So, I got a call this morning from Dr. Lanning, Harlie’s surgeon who is doing her nissen. He said that there is a conflict with her surgery date of next Monday (May 5th) and that they had to move it to May 14th!!!! WHAT?!?!?
He said that after we left on Monday, he spoke extensively with the anesthesiologists. Because of the risk of the CO2 in her abdomen, time is of the essence. Meaning that he needs to get in there, do it and get out as soon as possible. So, he needs one of his partners to assist him in her case. He knew that before and had his partner scheduled for the procedure this past Monday, but in all the craziness at the hospital, he did not realize that his partner has a conflict with next Monday and is not available until May 14th. He said that they both moved patients around to get Harlie in as soon as possible, but it was the best they could do.
Although I understand that, and want only the best situation for Harlie, I am still MAD! I just wish everything didn’t have to be so incredibly complicated for her – and us! The week of the 14th is not good for so many reasons. And since you asked…
1. It leaves NO room for error. The surgery will have to be done that day – period. She better not even THINK about getting sick.
2. I am not comfortable with having only 2 weeks between this surgery and her jaw reconstruction. The surgeon said it was fine, but I know Harlie and I know how things can get. If they end up having to do the open incision it could mean up to 6 days in the hospital! That only leaves her with one week at home before a MAJOR surgery. Frustrating.

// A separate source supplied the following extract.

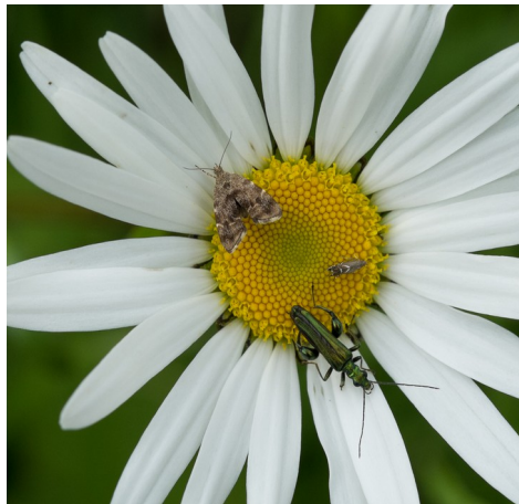
Anthophila fabriciana (Nettle-tap, top left) with Glyphipterix sp. (mid right) and green beetle on Ox-eye Daisy.

3. We have an appointment to see Dr. Magee (her plastic surgeon) on May 13th – the day before her nissen surgery. I wanted to go down there with her all ready for surgery, us having completed everything we needed to prior to her surgery. I don’t want to give Dr. Magee any excuse to not do the jaw reconstruction as scheduled. (And no, the jaw reconstruction could not be pushed back easily – his whole plan is to do it during a specific physician’s program which is happening that week).
4. Early the morning after her nissen surgery, Tom and I have our 20 week ultrasound with the perinatologist. Considering it is the morning after her surgery, I do not want to be away from her bedside.
5. My friend, Jennifer, is a PICU nurse there and next Monday she was planning on working that night, so I knew I could go home, knowing Harlie was very well cared for. With the new date, Jennifer can’t work that night. She is working on the scheduling for the nurses that week, so she will not be on the floor as a nurse. Luckily, she said she could be there the morning after the surgery so she told me not to reschedule the ultrasound. I just feel better when I know the nurse that’s taking care of her, and I know if Jennifer is there, she’ll make sure she’s taken care of.
6. Tom has a project starting the following week, and him taking off all that time (to go to Norfolk on Tuesday, surgery on Wednesday, and ultrasound on Thursday) is just way inconvenient. Plus, that meant that rescheduling our ultrasound wasn’t really an option anyway (because he needs to be at the site the next week)!
7. Me and a friend are planning a baby shower for a friend and it is the weekend after her surgery, which if Harlie is still in the hospital will be very inconvenient, too! Luckily, I have family, and Brandy said she would volunteer some hours to help me out so I can do what I need to do for the shower. Thank goodness for good support!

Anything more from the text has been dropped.